The summer before my first year of college, I worked for the Agricultural Stabilization and Conservation Service (ASCS) office in Lewis County, Kentucky, doing a job that no longer exists. It was back in the days when tobacco allotments were distributed by acreage rather than by pounds, requiring surveyors to measure each plot to be sure that farmers weren’t growing too much. That was my job and I crisscrossed the county that summer of 1966, going up hills and hollows, paying visits on farmers and their burley crops.

It was an interesting job and helped to teach me quite a bit about human nature. All the farmers that summer knew exactly what their allotment size was and most had gone to the trouble to carefully plan their planting. These fields were blissfully trouble-free for the surveyor, with straight rows and squared ends that made my job easy. When I came upon such a tract, I almost always knew that the calculations I made at the end of the job would indicate that the amount of tobacco planted and the allotment allowed were precisely the same.

But there were some fields that were not that way. The rows were less than straight and the ends were uneven. Sometimes the lay of the land dictated such a pattern, but often it seemed that the farmer had just thrown the tobacco plants in the air and let them take root where they landed!

I hated measuring such fields. It was my job to square them up on paper and produce a consistent pattern that would translate into a measurable plot. To be honest, sometimes it required a great deal of imagination to make sense out of such haphazard and careless planting. Invariably, I would find that most of farmers with such fields never had a clue as to whether they were over or under their prescribed allotment allowance.

If they were under in their allotment, they were cheating themselves out of part of their crop and if they were over they would have a second visit from an ASCS employee. I would return (or another surveyor) to see them in an even less enjoyable role, that of the tobacco destroyer.

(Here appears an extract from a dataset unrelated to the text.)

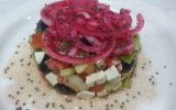 Ensalada griega con cebolla remolachada y amapola .Primero tener un biberon con aceite de oliva virgen llenandolo 2/3 y hechamos dentro una cucharada de oregano y la mitad de pimienta recien molida para dar mas aroma y lo dejamos macerar todo lo que podamos depende de la urgencia que tengamos 10 minutos... 29-10-2016

On this second visit, I was required to oversee their destruction of the excess part of their crop. I hated that phase of the job and, of course, farmers hated to see me return! To add insult to injury, they had to pay a pretty steep fee to ASCS to destroy their own tobacco.

My experience that hot, hazy summer over forty years ago really imitates life, doesn’t it? Some people plan their lives very carefully, knowing what the requirements are and taking great pains to establish the proper boundaries. As a result, the blessings from God flow. Other folks are careless and carefree, not putting much effort or intentionality into their life plan. The end result is that they cheat themselves out of the real joys of life and find themselves unprepared for the final day of reckoning (from PHILosophically Speaking, pages 139-142).